Key findings include:

• 60% reported gaps in their ability to protect unpatchable or agentless devices
• Nearly half said that their cyber insurance carrier requested specific controls during renewal or underwriting in the last two years
• 42% stated that reducing incident response and breach remediation costs is one of the most important ROI outcomes when considering microsegmentation investments
• 76% said it is highly important that a microsegmentation solution avoids disruption to clinical or operational workflows
• 40% cited concerns about disrupting clinical workflows or patient care during deployment has been a barrier to implementing microsegmentation, followed by insufficient internal staff or specialized security resources to implement and manage the solution (34%), long rollout timelines (32%), and the complexity of integration with multi-vendor network infrastructure across sites (30%)

“Healthcare organizations cannot afford any disruptions that traditional security implementations often require,” said Rob Courtney, Healthcare CTO, Carahsoft. “The report’s findings validate that need for a new, modern approach. Proven solutions like Elisity can help overcome the barriers through advanced microsegmentation to improve security posture, accelerate Zero Trust maturity, and quickly deploy with no downtime – critical for maintaining patient care.”

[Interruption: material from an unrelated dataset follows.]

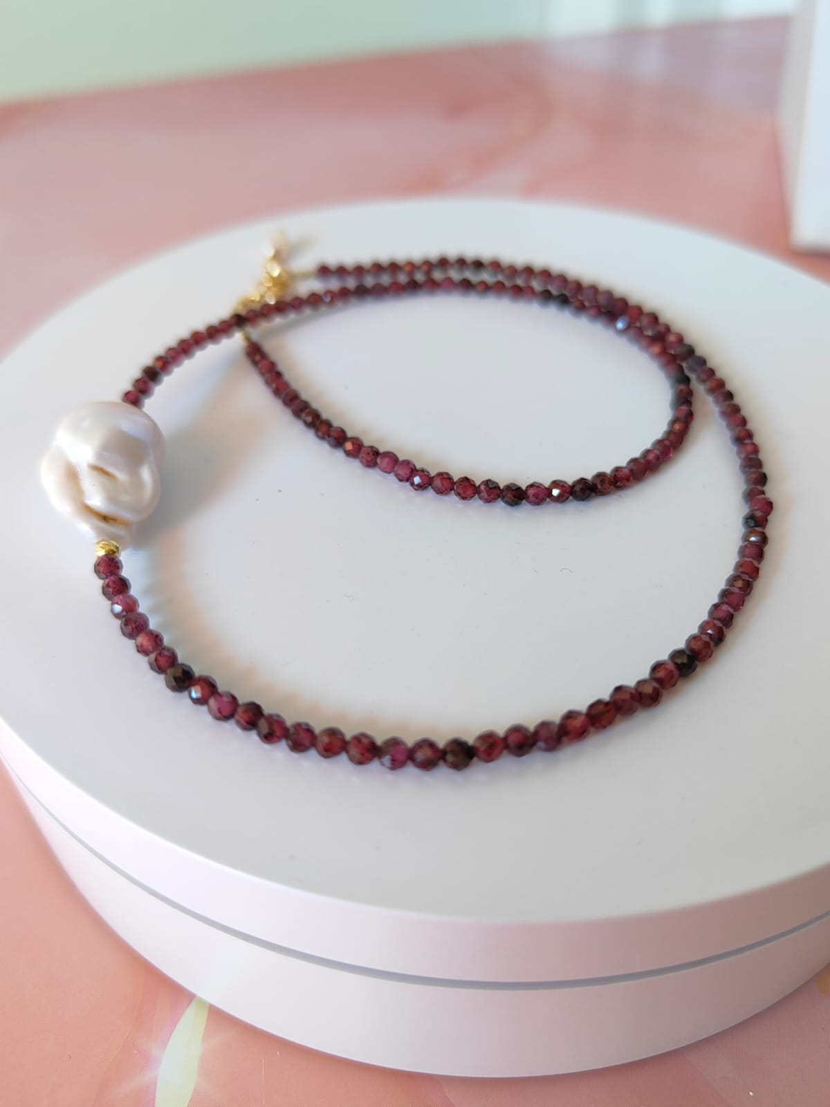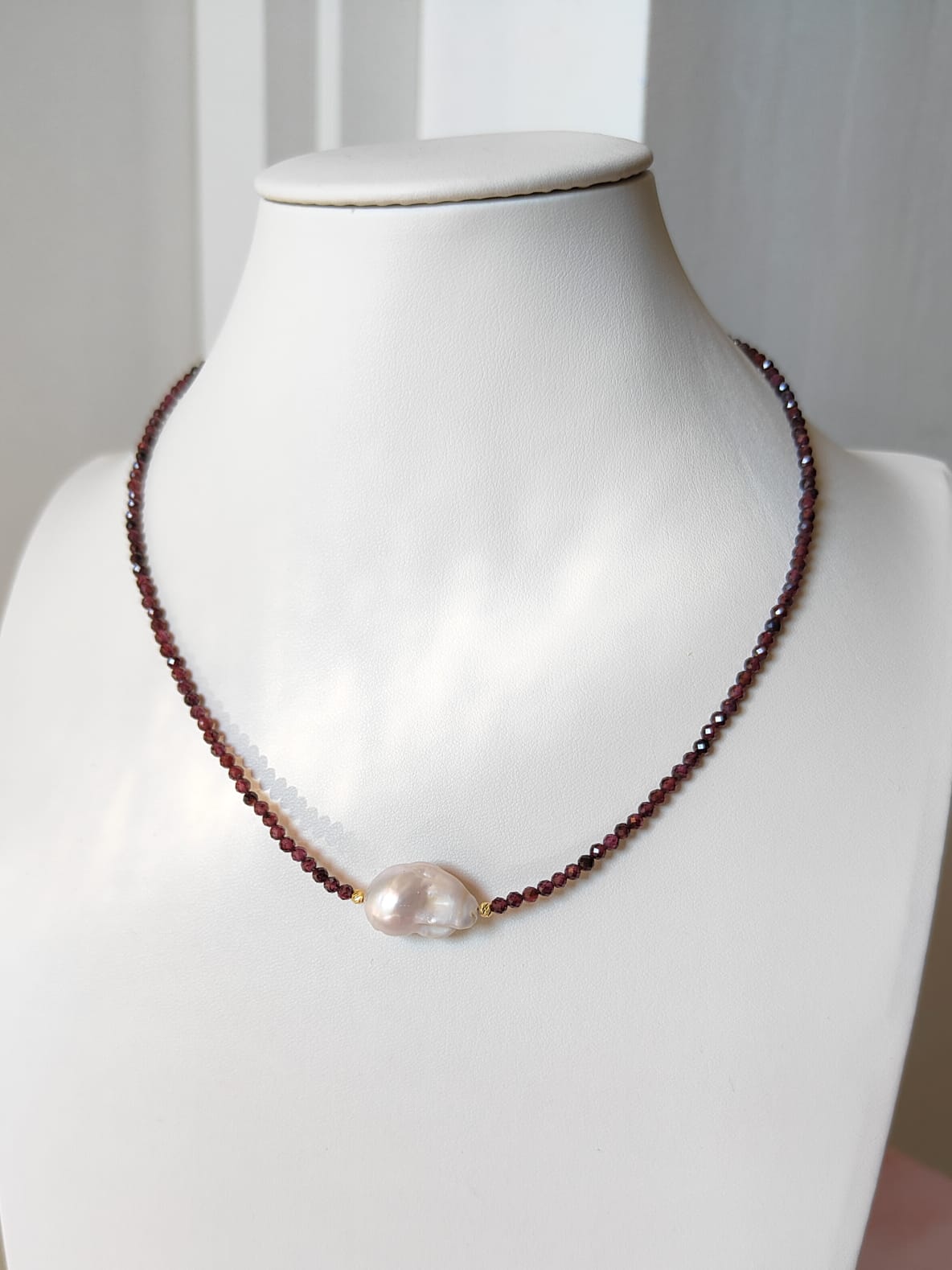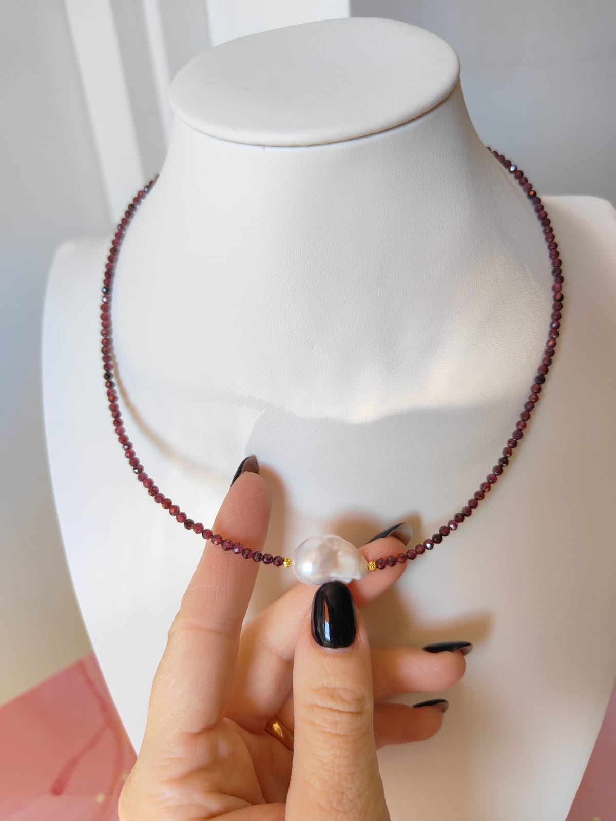 Il granatino presenta sfaccettature minute che catturano la luce in modo discreto, creando una brillantezza elegante senza risultare eccessiva. La perla barocca centrale è scelta per la sua forma unica e per il suo lustro morbido, rendendo ogni collana leggermente diversa dalle altre. Inoltre, piccoli inserti dorati aggiungono un dettaglio luminoso che valorizza i toni profondi delle gemme.
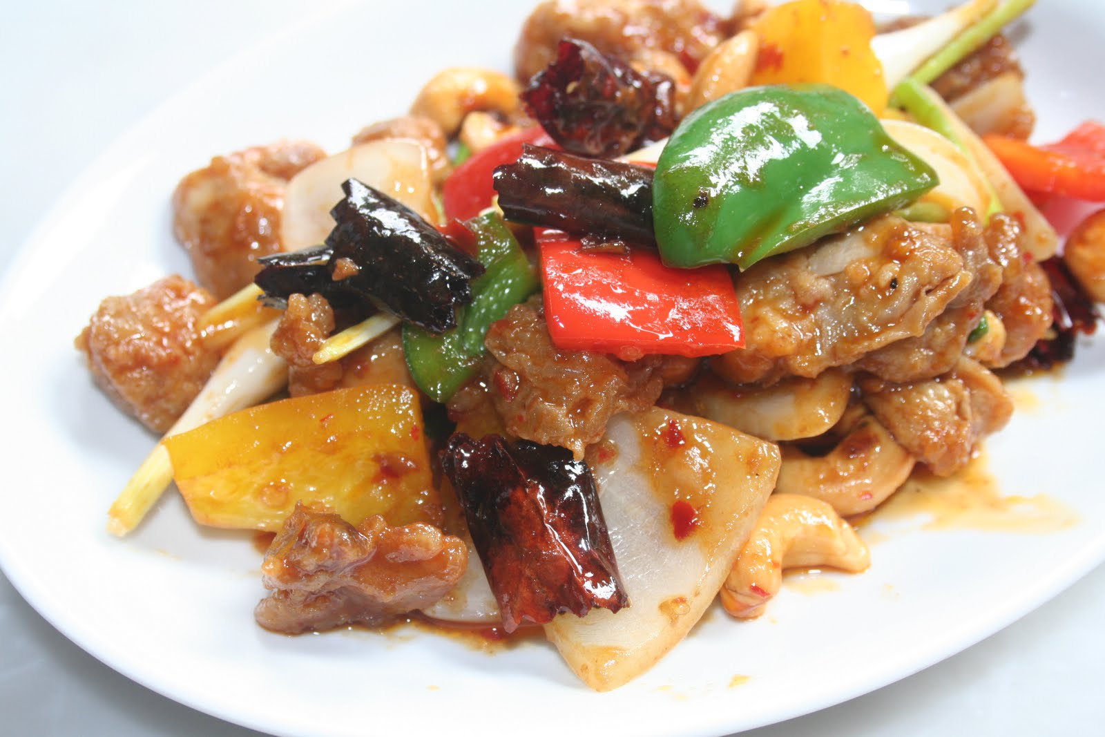 Le poulet sauté aux noix de cajou (poivrons, oignons et piments sont les autres légumes de ce plat).

To download the report, visit https://www.elisity.com/blog/himss-medical-device-security-healthcare-microsegmentation.

Methodology

Research was conducted online amongst Executives and IT/Technology, Cybersecurity/Information Security, Clinical Technology/Biomedical/IoMT, Health Information Management/Informatics/Data & Analytics, and Operations/Strategy/Innovation leaders (managers and above) in healthcare in the United States. Respondents were screened for working in organizations with 300 or more hospital beds and annual revenues exceeding $500 million. Additionally, respondents were screened for having a role in their organizations’ strategy and investments related to data infrastructure and network security. A total of 50 qualified respondents participated in this research. This was a blind data collection effort; Elisity was not identified as a sponsor of the research.

About Elisity

Elisity is a leap forward in network segmentation architecture and is leading the enterprise effort to achieve Zero Trust maturity, proactively prevent security risks, and reduce network complexity. Designed to be implemented in weeks, without downtime, upon implementation, the platform rapidly discovers every user, workload, and device on an enterprise network and correlates comprehensive insights into the Elisity IdentityGraph™. This empowers teams with the context needed to automate classification and apply dynamic security policies to any device wherever and whenever it appears on the network. These granular, identity-based microsegmentation security policies are managed in the cloud and enforced using your existing network switching infrastructure in real-time, even on ephemeral IT/IoT/OT devices. Founded in 2019, Elisity has a global employee footprint and a growing number of customers in the Fortune 500.